**Task item:** Once you find the line with "El personal de" in the data that follows, repeat it and every line after it exactly, through the line with "- містить 18".

**Data to examine:**
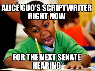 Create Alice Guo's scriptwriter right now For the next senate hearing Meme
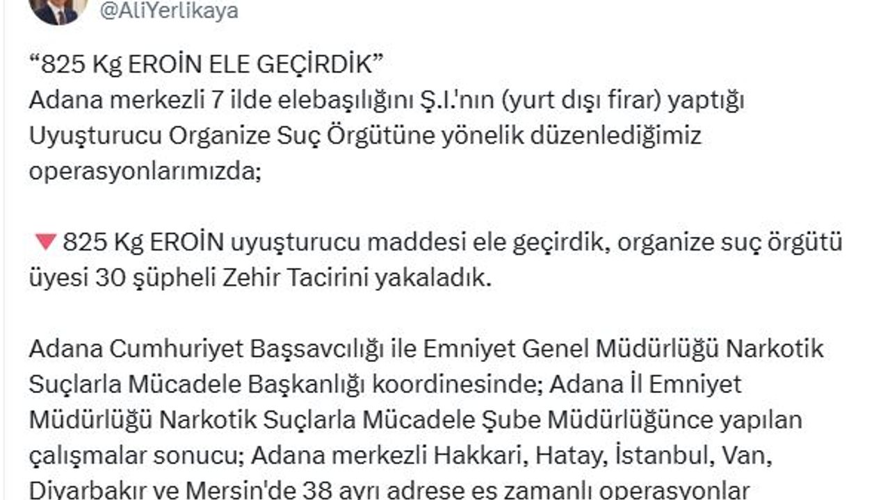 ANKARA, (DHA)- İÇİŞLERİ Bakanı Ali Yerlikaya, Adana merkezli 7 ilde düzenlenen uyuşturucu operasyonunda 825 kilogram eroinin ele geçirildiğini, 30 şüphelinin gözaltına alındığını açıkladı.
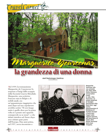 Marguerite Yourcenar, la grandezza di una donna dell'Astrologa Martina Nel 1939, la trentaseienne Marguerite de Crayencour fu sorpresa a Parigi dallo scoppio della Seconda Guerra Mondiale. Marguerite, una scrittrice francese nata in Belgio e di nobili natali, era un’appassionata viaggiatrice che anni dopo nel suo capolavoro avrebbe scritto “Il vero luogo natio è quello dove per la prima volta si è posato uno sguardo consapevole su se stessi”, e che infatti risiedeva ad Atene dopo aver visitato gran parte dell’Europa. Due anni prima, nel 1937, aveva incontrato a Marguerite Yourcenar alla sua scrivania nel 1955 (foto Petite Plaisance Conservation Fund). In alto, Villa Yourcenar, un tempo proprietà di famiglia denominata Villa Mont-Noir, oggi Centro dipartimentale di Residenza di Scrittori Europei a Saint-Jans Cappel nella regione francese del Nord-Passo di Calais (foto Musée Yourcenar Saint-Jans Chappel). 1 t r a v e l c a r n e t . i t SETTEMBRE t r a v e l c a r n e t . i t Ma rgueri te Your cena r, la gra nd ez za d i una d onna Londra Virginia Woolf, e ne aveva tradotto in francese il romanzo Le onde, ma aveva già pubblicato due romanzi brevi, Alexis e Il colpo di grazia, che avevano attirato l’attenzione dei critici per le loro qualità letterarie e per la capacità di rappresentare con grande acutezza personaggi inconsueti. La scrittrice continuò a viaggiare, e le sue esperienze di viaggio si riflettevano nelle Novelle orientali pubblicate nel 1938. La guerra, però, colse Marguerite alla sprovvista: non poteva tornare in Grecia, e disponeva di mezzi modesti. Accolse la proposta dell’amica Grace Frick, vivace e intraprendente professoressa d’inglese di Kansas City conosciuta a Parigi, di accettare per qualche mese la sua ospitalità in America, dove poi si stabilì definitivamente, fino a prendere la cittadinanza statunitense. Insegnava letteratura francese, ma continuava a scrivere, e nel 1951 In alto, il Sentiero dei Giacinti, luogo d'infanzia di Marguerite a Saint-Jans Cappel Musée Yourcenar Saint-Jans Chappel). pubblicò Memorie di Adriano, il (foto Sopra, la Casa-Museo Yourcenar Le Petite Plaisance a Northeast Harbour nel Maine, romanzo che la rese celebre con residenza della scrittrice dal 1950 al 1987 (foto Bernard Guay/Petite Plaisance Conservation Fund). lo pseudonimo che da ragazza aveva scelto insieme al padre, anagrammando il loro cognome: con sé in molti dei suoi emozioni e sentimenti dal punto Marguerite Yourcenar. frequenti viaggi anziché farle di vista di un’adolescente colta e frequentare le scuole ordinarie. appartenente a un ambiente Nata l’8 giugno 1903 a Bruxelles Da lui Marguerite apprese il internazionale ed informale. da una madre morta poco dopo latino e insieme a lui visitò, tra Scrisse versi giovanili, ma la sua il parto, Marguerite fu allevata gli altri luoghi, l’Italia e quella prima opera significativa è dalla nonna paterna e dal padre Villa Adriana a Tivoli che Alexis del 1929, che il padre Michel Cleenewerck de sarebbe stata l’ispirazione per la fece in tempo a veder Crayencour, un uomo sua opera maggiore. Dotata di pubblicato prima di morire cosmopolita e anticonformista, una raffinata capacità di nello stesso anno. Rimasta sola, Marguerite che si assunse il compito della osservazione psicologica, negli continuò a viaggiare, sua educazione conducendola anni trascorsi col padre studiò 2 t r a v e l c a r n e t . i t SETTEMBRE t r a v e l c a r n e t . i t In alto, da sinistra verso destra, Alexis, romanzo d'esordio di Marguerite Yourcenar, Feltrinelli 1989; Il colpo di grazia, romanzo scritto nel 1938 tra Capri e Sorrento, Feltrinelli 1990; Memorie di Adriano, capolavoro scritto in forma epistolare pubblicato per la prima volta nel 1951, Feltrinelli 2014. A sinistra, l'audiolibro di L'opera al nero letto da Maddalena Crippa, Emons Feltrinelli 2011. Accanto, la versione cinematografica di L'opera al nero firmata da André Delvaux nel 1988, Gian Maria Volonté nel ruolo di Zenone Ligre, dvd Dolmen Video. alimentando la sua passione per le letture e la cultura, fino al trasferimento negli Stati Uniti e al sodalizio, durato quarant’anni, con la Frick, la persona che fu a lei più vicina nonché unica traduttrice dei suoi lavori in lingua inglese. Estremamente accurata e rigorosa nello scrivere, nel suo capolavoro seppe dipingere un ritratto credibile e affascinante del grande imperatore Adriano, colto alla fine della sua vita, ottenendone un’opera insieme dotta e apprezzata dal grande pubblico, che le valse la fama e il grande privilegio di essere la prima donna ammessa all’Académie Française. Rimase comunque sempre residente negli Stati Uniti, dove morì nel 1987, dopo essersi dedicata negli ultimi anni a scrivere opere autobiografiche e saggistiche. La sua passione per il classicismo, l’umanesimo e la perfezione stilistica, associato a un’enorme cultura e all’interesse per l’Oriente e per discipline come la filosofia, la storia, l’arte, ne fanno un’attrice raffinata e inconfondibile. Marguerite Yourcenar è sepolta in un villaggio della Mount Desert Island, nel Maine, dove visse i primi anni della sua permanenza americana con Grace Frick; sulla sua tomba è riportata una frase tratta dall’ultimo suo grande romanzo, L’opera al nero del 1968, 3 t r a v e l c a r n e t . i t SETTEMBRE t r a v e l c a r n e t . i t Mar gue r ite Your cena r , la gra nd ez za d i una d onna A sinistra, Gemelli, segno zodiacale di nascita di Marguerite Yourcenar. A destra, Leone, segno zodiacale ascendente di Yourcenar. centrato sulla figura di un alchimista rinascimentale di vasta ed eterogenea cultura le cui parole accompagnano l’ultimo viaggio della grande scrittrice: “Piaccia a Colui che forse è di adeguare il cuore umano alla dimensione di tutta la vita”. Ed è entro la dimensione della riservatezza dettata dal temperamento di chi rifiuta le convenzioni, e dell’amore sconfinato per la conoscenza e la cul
...
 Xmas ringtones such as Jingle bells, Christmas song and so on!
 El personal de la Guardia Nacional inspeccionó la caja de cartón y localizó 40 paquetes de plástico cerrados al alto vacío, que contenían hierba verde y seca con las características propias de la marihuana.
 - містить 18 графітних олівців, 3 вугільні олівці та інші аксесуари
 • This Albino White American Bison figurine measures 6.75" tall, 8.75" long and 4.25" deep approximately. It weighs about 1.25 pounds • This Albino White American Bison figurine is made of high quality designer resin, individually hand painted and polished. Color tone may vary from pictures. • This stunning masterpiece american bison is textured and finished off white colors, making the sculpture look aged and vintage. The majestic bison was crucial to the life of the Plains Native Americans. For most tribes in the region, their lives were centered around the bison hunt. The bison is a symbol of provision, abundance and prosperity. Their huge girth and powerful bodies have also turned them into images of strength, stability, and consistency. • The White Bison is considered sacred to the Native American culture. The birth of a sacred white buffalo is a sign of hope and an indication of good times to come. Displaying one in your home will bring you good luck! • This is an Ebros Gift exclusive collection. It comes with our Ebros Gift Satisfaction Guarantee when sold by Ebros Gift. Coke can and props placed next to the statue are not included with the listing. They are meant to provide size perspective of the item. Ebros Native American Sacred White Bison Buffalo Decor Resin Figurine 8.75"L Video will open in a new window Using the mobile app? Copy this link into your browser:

**Solution for this exercise:**
 El personal de la Guardia Nacional inspeccionó la caja de cartón y localizó 40 paquetes de plástico cerrados al alto vacío, que contenían hierba verde y seca con las características propias de la marihuana.
 - містить 18 графітних олівців, 3 вугільні олівці та інші аксесуари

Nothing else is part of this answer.